WORK TASK: With the images removed, repeat the data below exactly.

(DATA FOR THIS TASK)

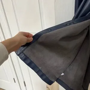 Ann Taylor Navy Faux-Leather Button-Front Midi Dress with Tie Waist
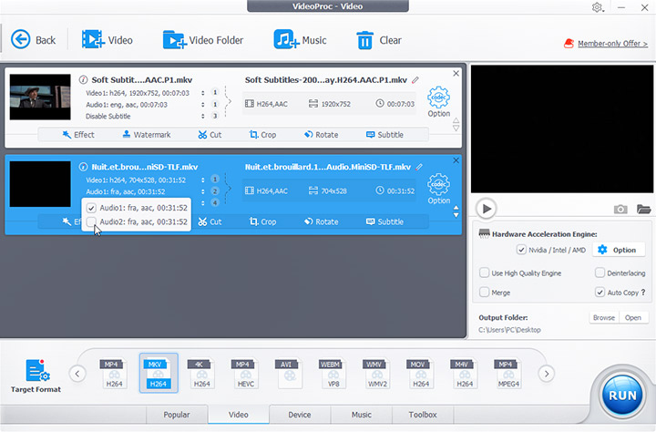 VideoProc Converter AI can help remove unwanted audio tracks from MKV, be it a specific audio stream or all audio tracks. Import your MKV file and go to the audio information section under the video name. Uncheck the audio track you want to remove. Then force copy the codec for the other tracks. Click RUN in the bottom right corner to start removing.
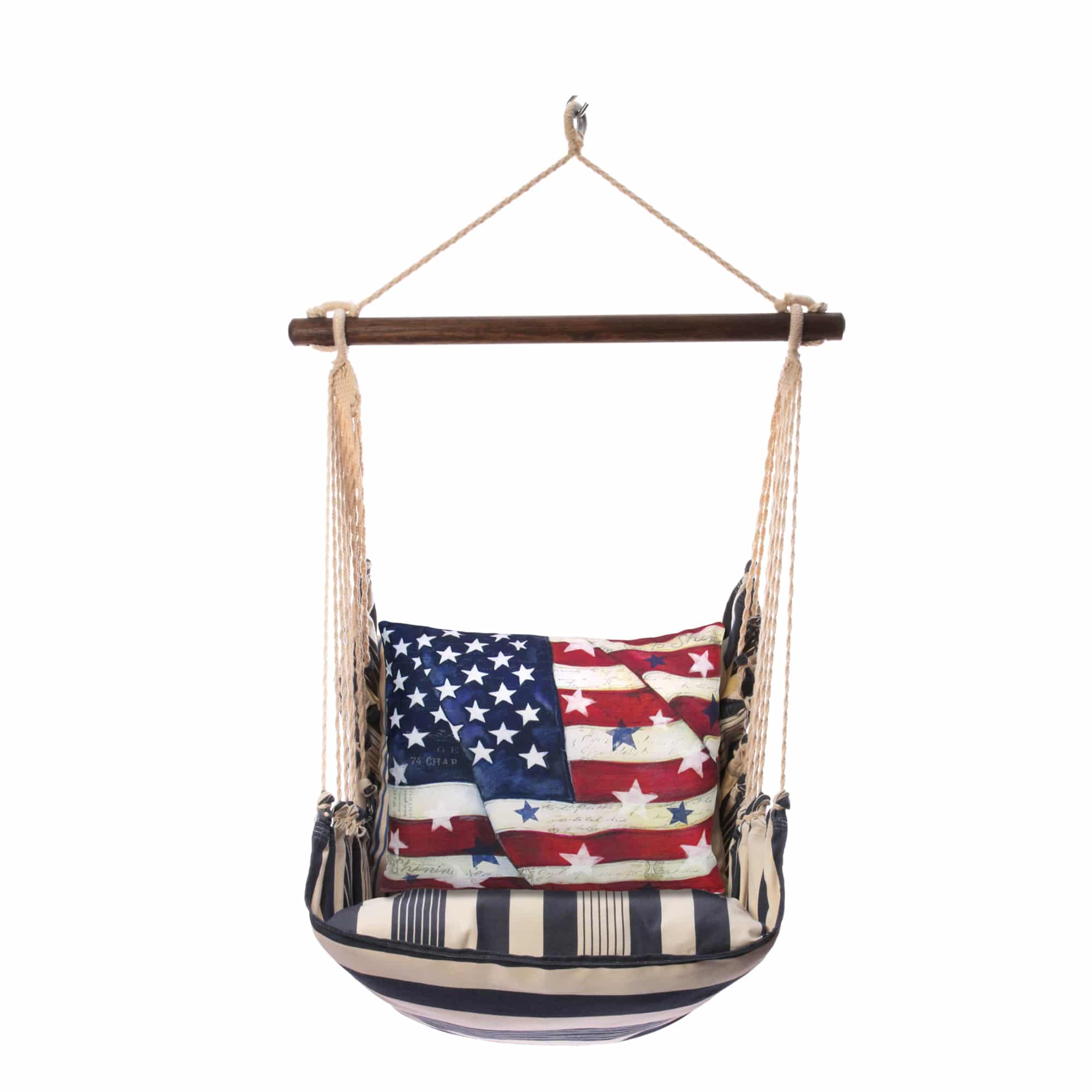 Think of weekend mornings when marina stripe turns the porch into a private retreat. A American Flag with Stars cushion adds its own personality, turning the swing into functional art. Hand-sewn from Sundure fabric that feels like cotton yet resists fade, mildew, and sudden showers, each set is built for real life outside so you can linger without fussing over the weather. A smoothly finished hardwood bar keeps the seat open and balanced, while durable hanging ropes clip up in moments and fold flat for off-season storage. The four-piece kit arrives ready to relax: swing seat, overstuffed 24×24-inch seat pillow, 19×24-inch back pillow, and a matching tote for easy travel or winter stow-away. Machine-washable and mood-lifting, it’s the quickest way to add a touch of crafted comfort wherever you hang it.
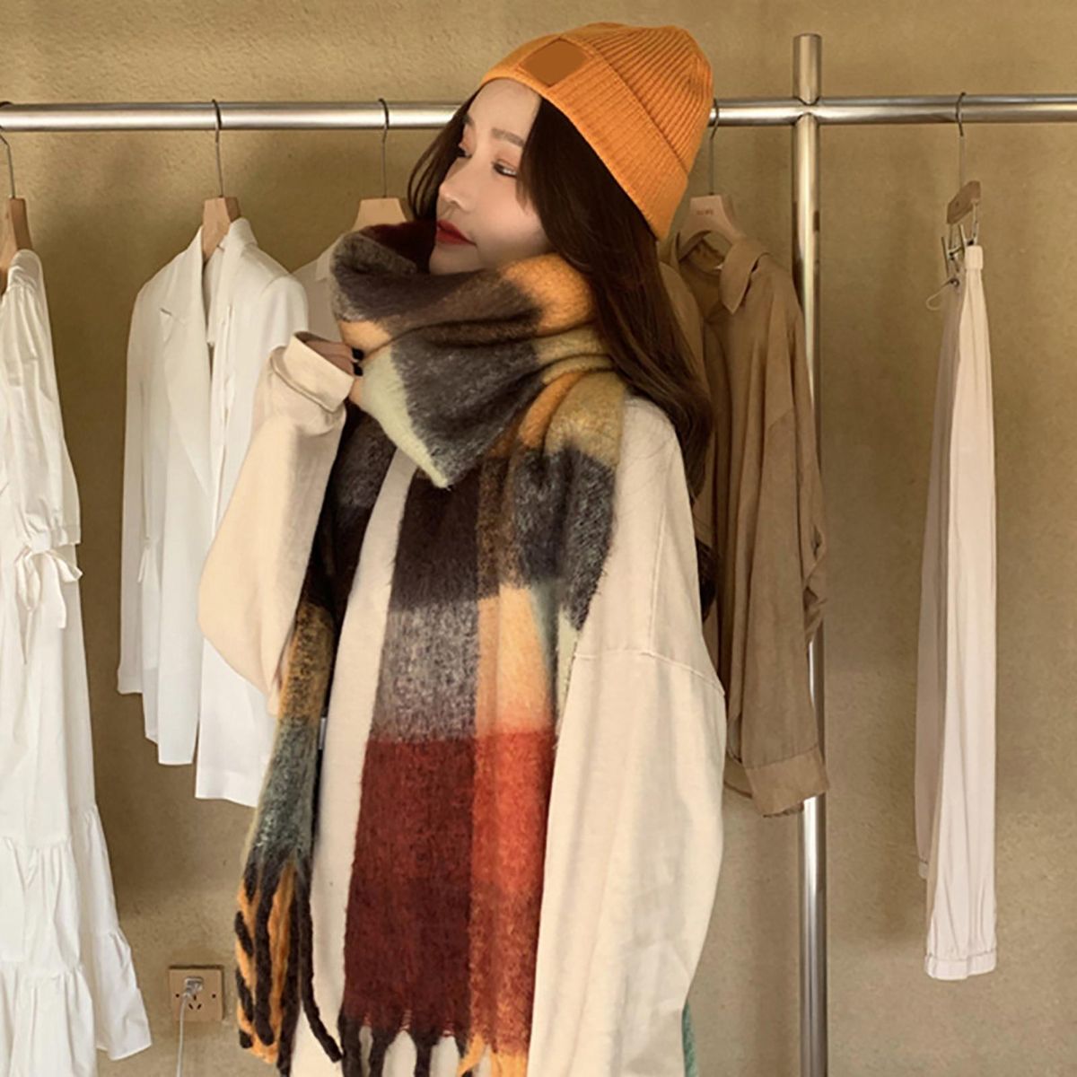 Women thickened long scarf is designed with classic plaid print, and is easy to wear and pair with any kinds of clothes.
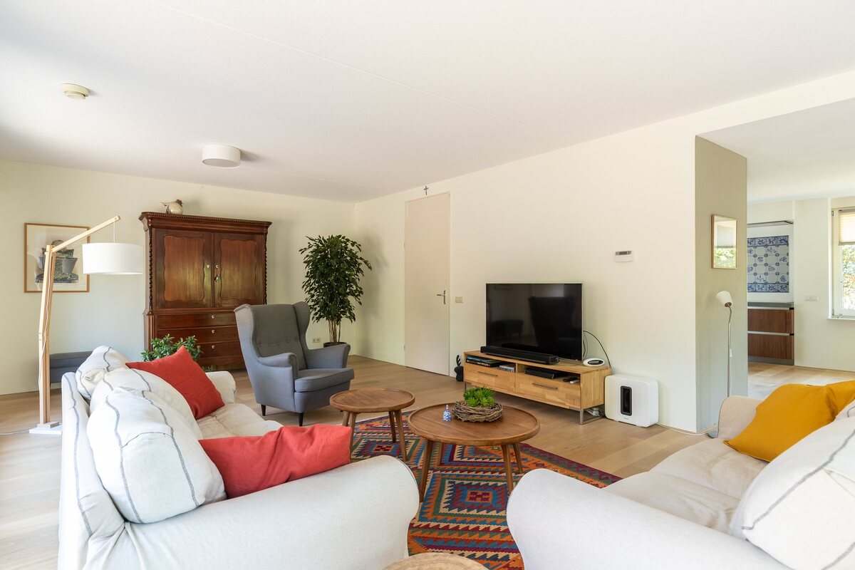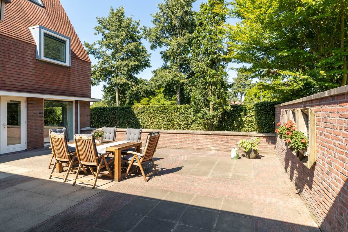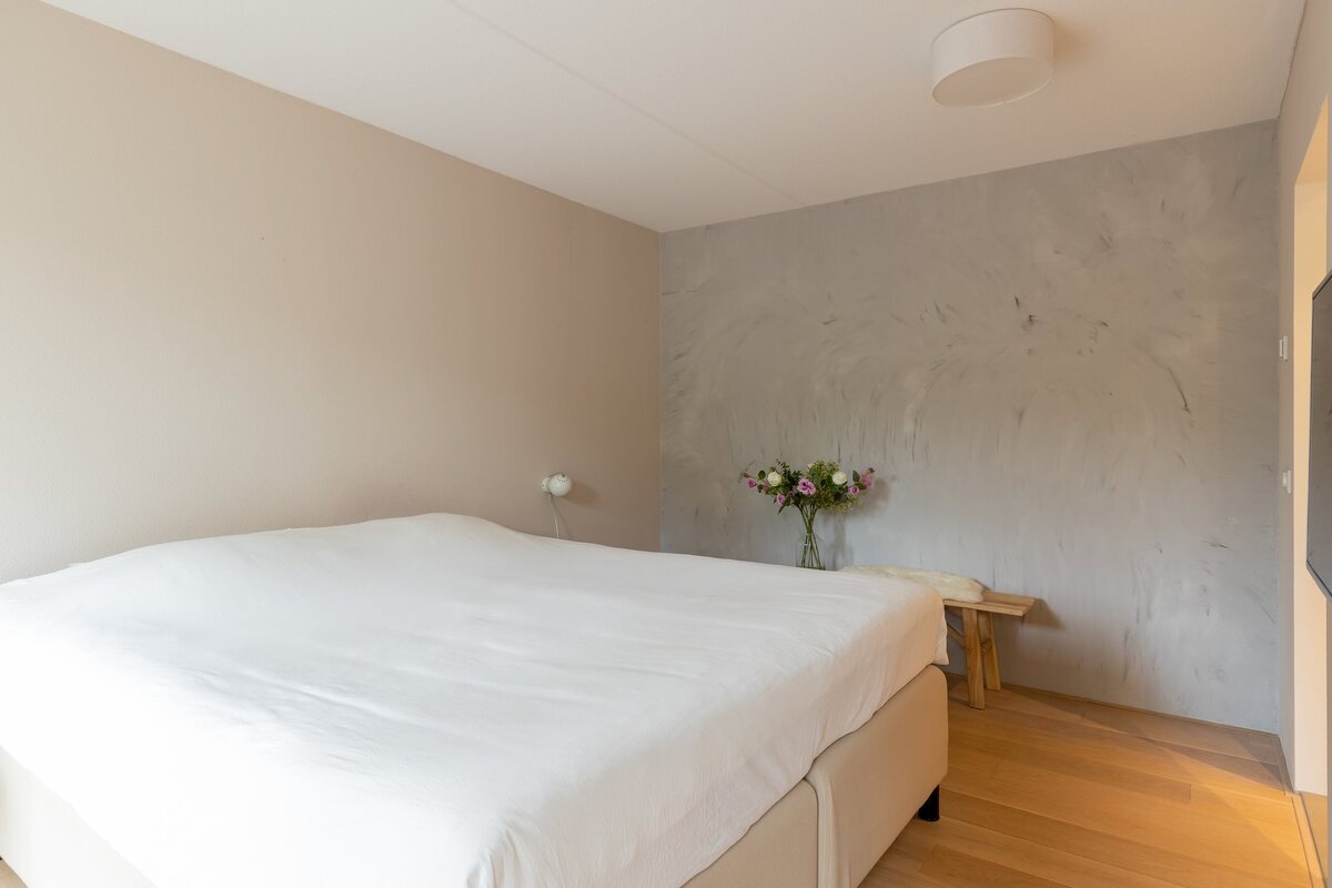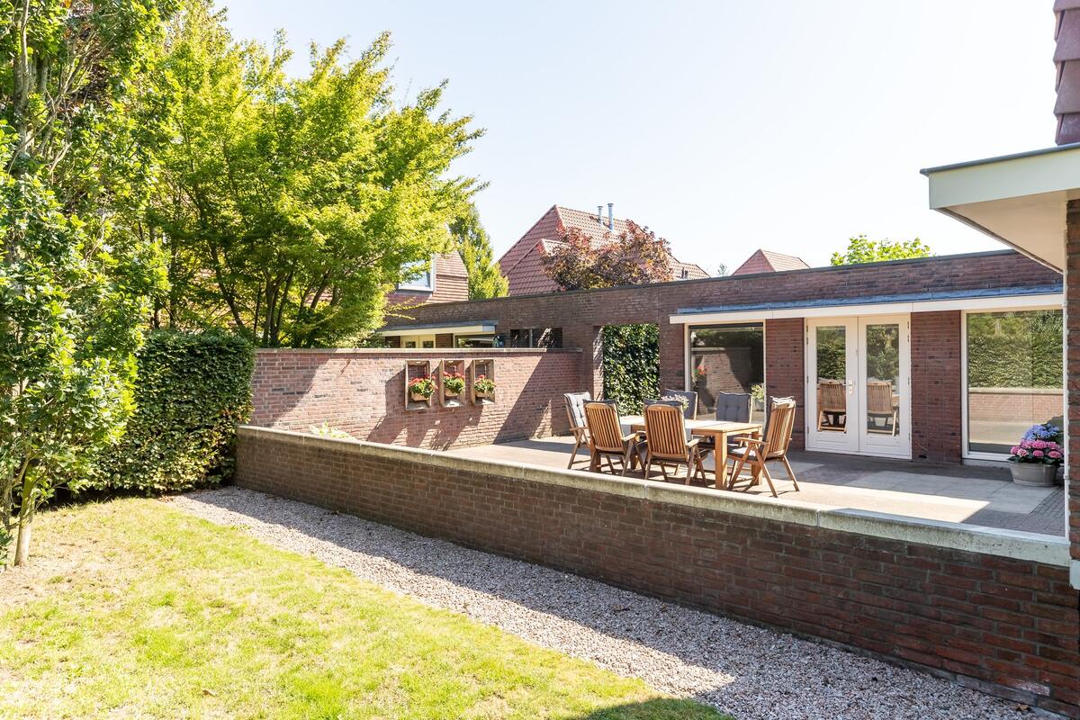 Begane grond: ruime hal met deur naar de aangebouwde garage (21 m2), wc met hangend toilet, royale U-vormige living (ca. 67 m2) met houten parketvloer en openslaande deuren naar het riante en zonnige terras in de tuin. Luxe open maatkeuken (2017, door Hendriks & De Jonge Interieurbouw) voorzien van alle gemakken en vervaardigd van hoogwaardige materialen. Verder op de begane grond een grote slaapkamer (17 m2) met een unieke zeer fraaie luxe badkamer en suite met o.a. vloerverwarming, ligbad, douche, wastafelmeubel en separaat 2e toilet. Deze slaapkamer heeft eveneens openslaande deuren naar het terras.
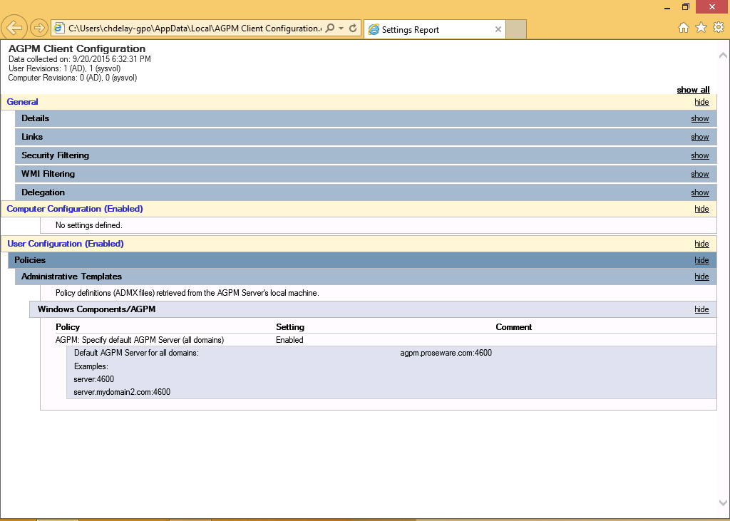 Within AGPM it is simple to view a settings report. If you right-click on the GPO, you can select the Settings from the context menu. You then have the option to view:

(End DATA FOR THIS TASK)

SOLUTION:
 Ann Taylor Navy Faux-Leather Button-Front Midi Dress with Tie Waist
 VideoProc Converter AI can help remove unwanted audio tracks from MKV, be it a specific audio stream or all audio tracks. Import your MKV file and go to the audio information section under the video name. Uncheck the audio track you want to remove. Then force copy the codec for the other tracks. Click RUN in the bottom right corner to start removing.
 Think of weekend mornings when marina stripe turns the porch into a private retreat. A American Flag with Stars cushion adds its own personality, turning the swing into functional art. Hand-sewn from Sundure fabric that feels like cotton yet resists fade, mildew, and sudden showers, each set is built for real life outside so you can linger without fussing over the weather. A smoothly finished hardwood bar keeps the seat open and balanced, while durable hanging ropes clip up in moments and fold flat for off-season storage. The four-piece kit arrives ready to relax: swing seat, overstuffed 24×24-inch seat pillow, 19×24-inch back pillow, and a matching tote for easy travel or winter stow-away. Machine-washable and mood-lifting, it’s the quickest way to add a touch of crafted comfort wherever you hang it.
 Women thickened long scarf is designed with classic plaid print, and is easy to wear and pair with any kinds of clothes.
 Begane grond: ruime hal met deur naar de aangebouwde garage (21 m2), wc met hangend toilet, royale U-vormige living (ca. 67 m2) met houten parketvloer en openslaande deuren naar het riante en zonnige terras in de tuin. Luxe open maatkeuken (2017, door Hendriks & De Jonge Interieurbouw) voorzien van alle gemakken en vervaardigd van hoogwaardige materialen. Verder op de begane grond een grote slaapkamer (17 m2) met een unieke zeer fraaie luxe badkamer en suite met o.a. vloerverwarming, ligbad, douche, wastafelmeubel en separaat 2e toilet. Deze slaapkamer heeft eveneens openslaande deuren naar het terras.
 Within AGPM it is simple to view a settings report. If you right-click on the GPO, you can select the Settings from the context menu. You then have the option to view:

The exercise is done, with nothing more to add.